Blaine Amendments are controversial state constitutional provisions rooted in 19th century anti-Catholic bigotry. Their purpose was to prevent the government from funding Catholic schools. For decades, opponents of educational choice have employed Blaine Amendments—found in 37 state constitutions—as blunt weapons to impede and invalidate educational choice programs. However, thanks to a decades-long legal strategy tenaciously pursued by IJ, these obstacles to educational freedom are now largely a dead letter.

On June 30, 2020, the U.S. Supreme Court ruled in Espinoza v. Montana Department of Revenue that the federal Constitution forbids states from excluding religious families and schools from educational choice programs through which governments empower families to choose private educational options for their children. The U.S. Constitution, wrote Chief Justice Roberts for a majority of the Court, “condemns discrimination against religious schools and the families whose children attend them.
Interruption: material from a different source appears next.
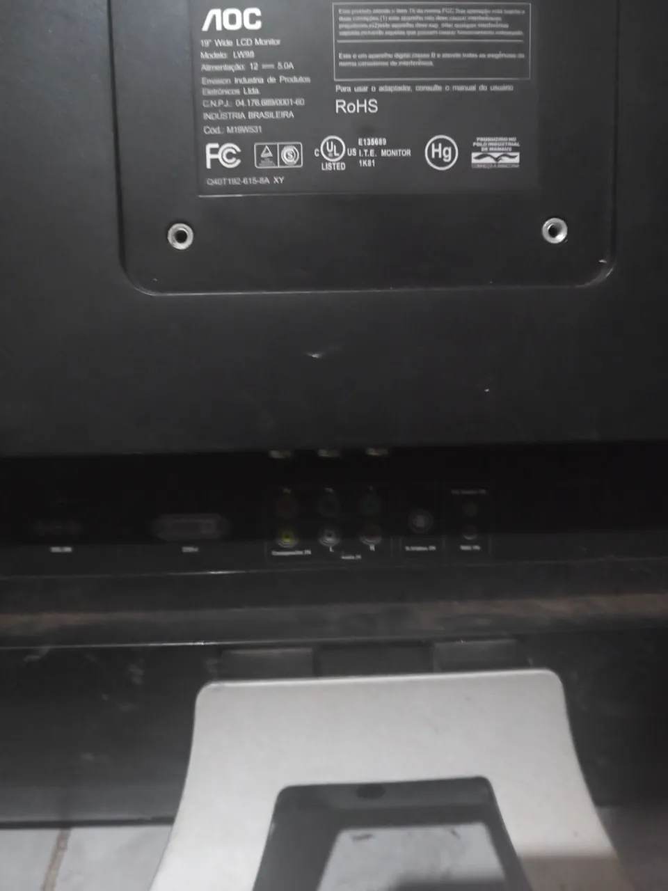Monitor AOC 19 polegadas ..falta a fonte .

They are members of the community too, and their exclusion from [Montana’s] scholarship program here is odious to our Constitution and cannot stand.” The Supreme Court’s holding was clear and unambiguous—and it applies to every state: While a “State need not subsidize private education[,] . . . once a State decides to do so, it cannot disqualify some private schools solely because they are religious.”
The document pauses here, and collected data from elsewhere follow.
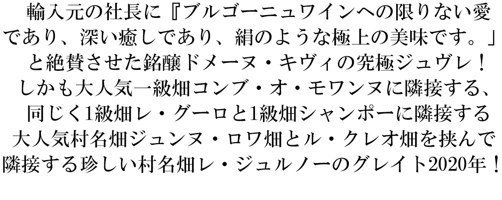 フランス・高級ブルゴーニュ辛口赤ワイン愛好家大注目!強いストラクチャーと優雅さを併せ持つ、ブルゴーニュワインの王様!ジュヴレ・シャンベルタン村!しかも人気村名畑コンブ・オ・モワンヌに隣接する、同じく一級畑Les Goulots(レ・グーロ)と一級畑Champeaux(シャンポー)に隣接する大人気村名畑ジュンヌ・ロワ畑とル・クレオ畑を挟んで隣接する珍しい村名畑のレ・ジュルノー(レ・ジョルノ)畑!
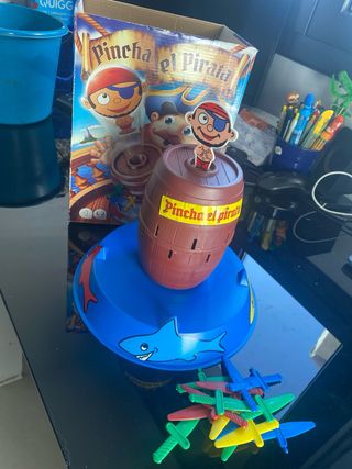 Juego de mesa clásico Pincha el Pirata. - Incluye 1 base, 1 barril, 1 pirata y las espadas. Es un juego super divertido, y fácil para los niños pequeños. Trabaja la motricidad fina y las esperas.
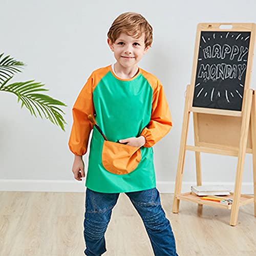 Lange mouwen en voorzak: kinderen schorten met lange mouwen zijn ontworpen met elastische manchetten om een betere bescherming te bieden tegen kleuren voor de kleding en armen. Bovendien biedt het ruime voorvak ruimte voor schildergereedschap of andere voorwerpen, wat zeer praktisch is.
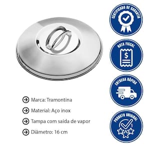 - Você vai encontrar sofisticação e utilidade com a Tampa Avulsa Tramontina Solar em Aço Inox 16 cm de Diâmetro.

As a result of Espinoza, state policymakers are free to enact programs that will empower parents to choose the educational environment that works best for their own children. Of course, each state has a unique history, context, and constitutional provisions. So IJ produced a 50-state guide analyzing each state’s constitution in light of Espinoza to explain how the ruling impacts policymakers’ ability to enact educational choice programs.

Currently Active Cases:
Maine School Choice III

In the wake of Espinoza, states that discriminate against religious families and schools in the operation of their school choice programs must immediately change their discriminatory policies or face a legal challenge from IJ. Maine operates a town tuitioning system, whereby students who live in towns without their own public schools receive a tuition benefit that they may use to attend the public or private school of their choice—unless the school is religious. Because Maine refuses to alter its statutory scheme excluding religious educational options for students living in tuitioning towns, IJ continues to press its federal lawsuit challenging Maine’s exclusion of religious schools from its town tuitioning system.